In this case, the district court employed the analysis established in Socialist Workers Party. The court found that, in Cook County, the offices of ward committeeman and township committeeman were the same office. Significantly, ward and township committeemen serve on the same county central committee.7 Yet, application of Ill.Ann.Stat. ch. 46, Sec. 7-10(i) in Cook County has produced the result that a candidate from Chicago (ward committeeman) needs substantially more signatures to gain access to the ballot than a candidate from the suburbs (township committeeman). The district court concluded that the Illinois legislature had determined that its interest in controlling access to the ballot was served, at least in the suburbs, by the five-percent requirement and that the state failed to provide any justification for the higher signature requirement for ward committeeman. The district court, therefore, held that the statute, to the extent that it made it more difficult in Cook County for candidates for ward committeeman than candidates for township committeeman to have their names included on the ballot, violated the equal protection clause.8 On appeal, the defendants question: the analysis used by the district court; the sufficiency of the record; and the plaintiffs' failure to establish significant community support. We will consider each argument.
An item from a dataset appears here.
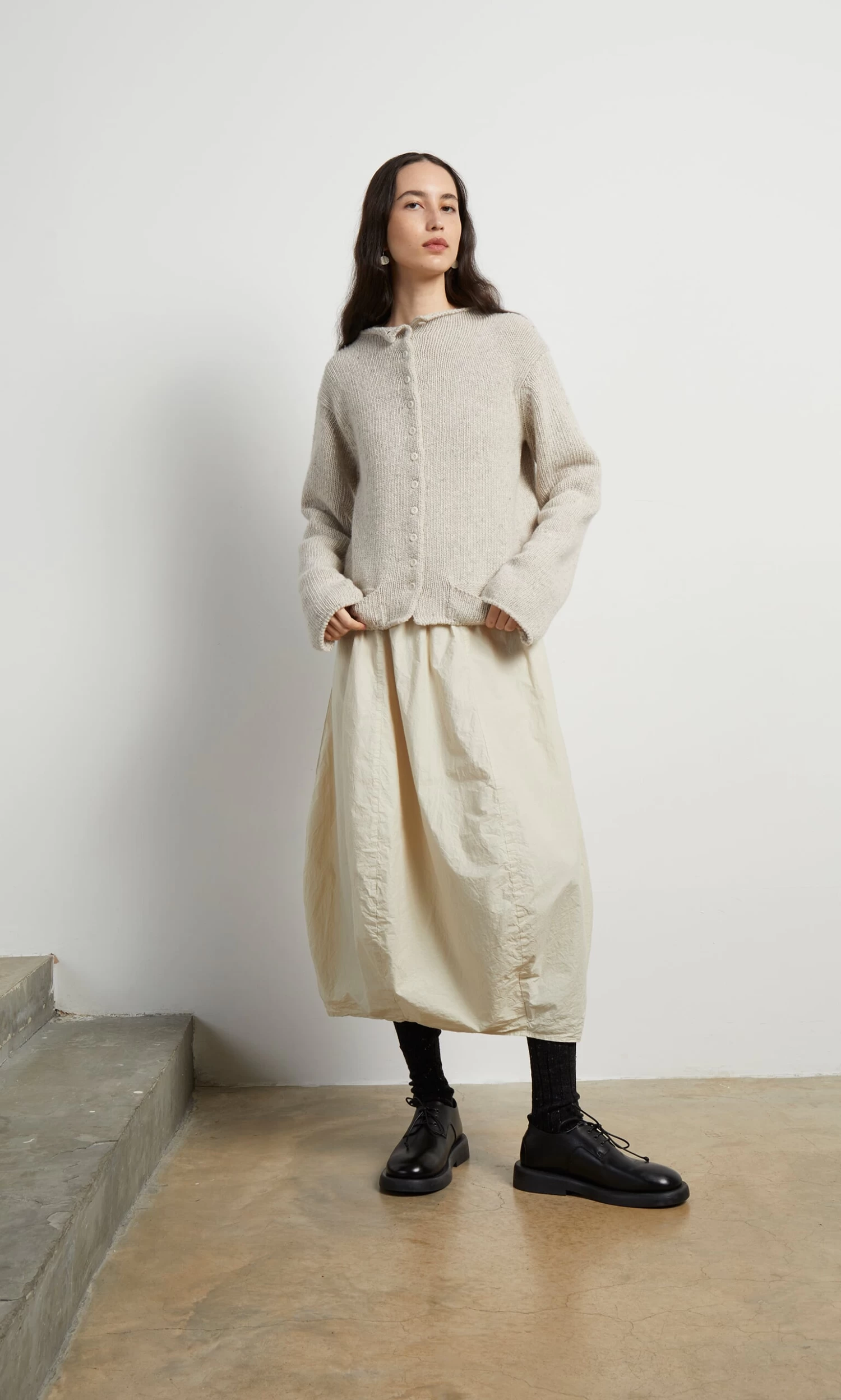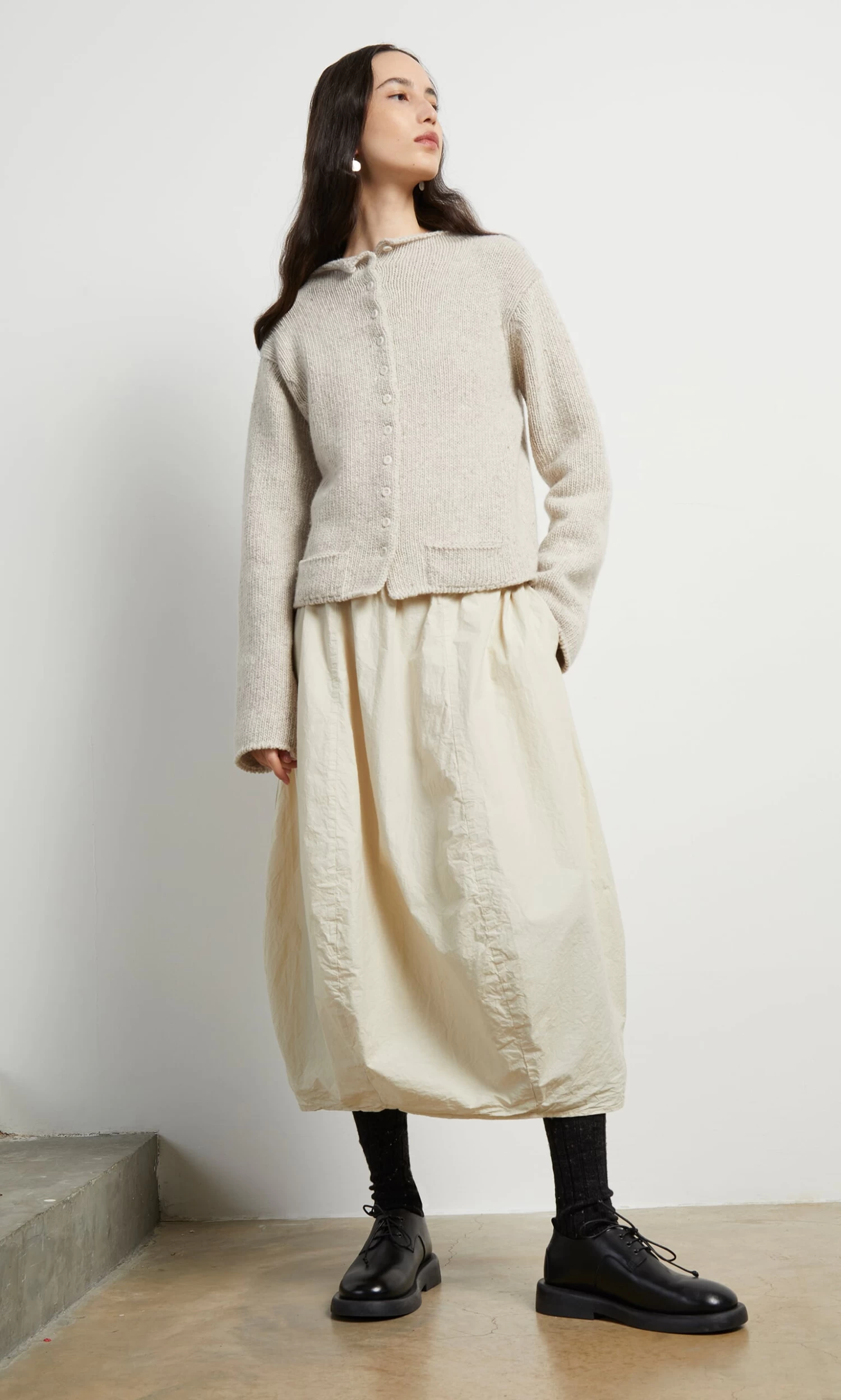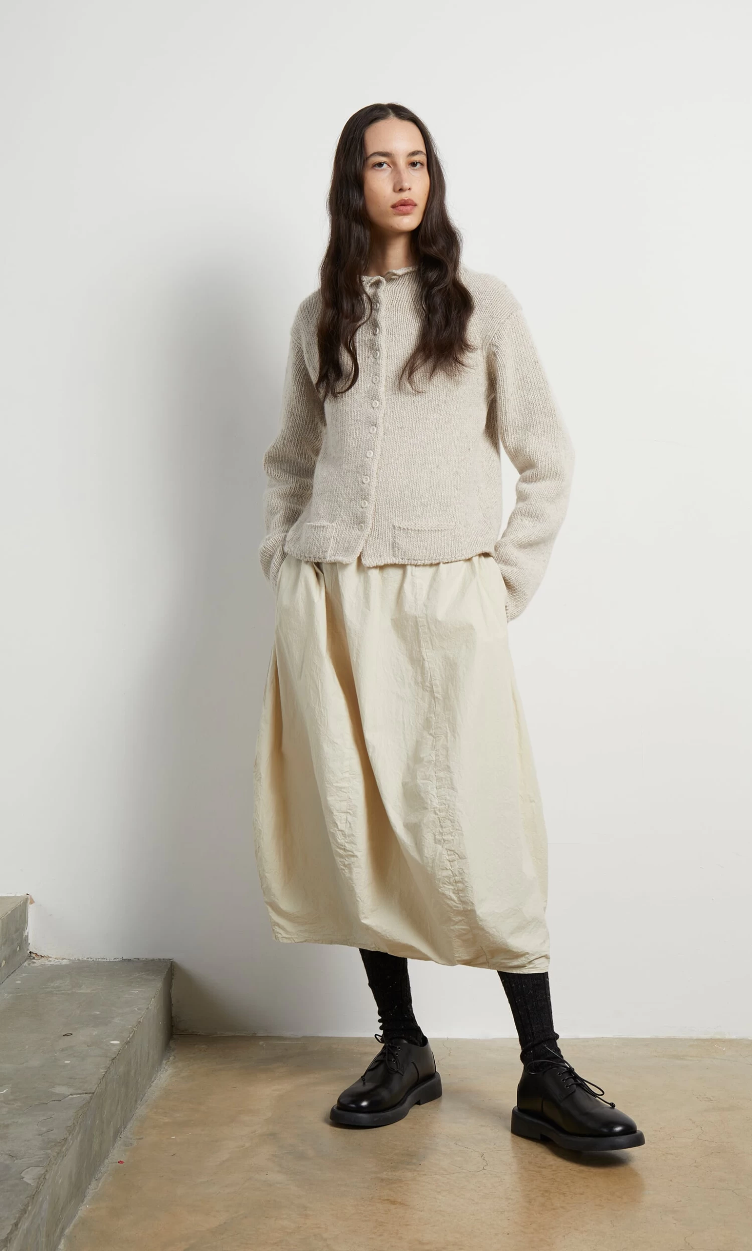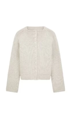 Neatly shaped button-up cardigan knitted in a soft blend of natural merino wool and cashmere. Pleasingly soft and weighty, the perfect chic body warmer with slip pockets positioned on the hem. Made in Scotland.

The District Court's Analysis
The defendants first argue that the district court failed to take a hard look at the signature requirement and its actual effect on access to the ballot. The Board claims that the court did not engage in the comprehensive constitutional analysis required by both the Supreme Court and this court. The Supreme Court has recently renewed its caution against applying a "litmus-paper test" to separate valid from unconstitutional restrictions on access to the ballot. Anderson v. Celebrezze, 460 U.S. 780, 789, 103 S. Ct. 1564, 1570, 75 L. Ed. 2d 547 (1983) (citing Storer v. Brown, 415 U.S. 724, 730, 94 S. Ct. 1274, 1279, 39 L. Ed. 2d 714 (1974)). Similarly, this court has held that Socialist Workers Party does not stand for the "broad proposition that a state may never impose a higher signature requirement for an office of a smaller subdivision than the requirement imposed for any office of a larger subdivision." Bowe v. Board of Election Commissioners, 614 F.2d 1147, 1151 (7th Cir. 1980). Our holding today does not conflict with either principle.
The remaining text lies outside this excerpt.